Remember, HMT has a wonderfully subversive form. Three decades ago it was patriots within the Treasury civil service who massively overstated public spending, and told Healey that government debt was 60% of GDP in 1976. The real figure was 42% – but by the time Healey realised that the IMF had been called in and a cuts agenda started. “I cannot help suspecting that Treasury officials deliberately overstated public spending in order to put pressure on governments which were reluctant to cut it,” moaned Healey in his memoirs. I like to think of the band of Treasury officials who pulled this off having a quiet celebratory drink together in the Red Lion; their resourcefulness and sharp-thinking saved Britain from a desperate, spendthrift government.

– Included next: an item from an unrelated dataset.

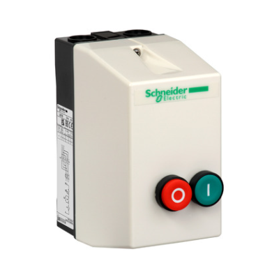 The Schneider Electric LE1D18Q7 TeSys LE enclosed direct-on-line (DOL) starter is a robust and ready-to-use motor control solution for 3-phase motors up to 7.5 kW at 400V. Designed for simple and reliable motor starting, it supports one-directional (forward) control using clearly marked green (start) and red (stop) pushbuttons.

The Treasury have no chance of repeating this trick, seeing as Brown knows every trick in the book and is a master of dressing up 50p as £1. But this statistical chicanery is harder to implement from No.10, and the Treasury have a good chance of softening the blow he intends to inflict on the taxpayer in the next Budget. With Darling resisting pressure for tax cuts, and promoting transparency, the taxpayer may well have found an unlikely hero in 11 Downing Street. And my, do we need one.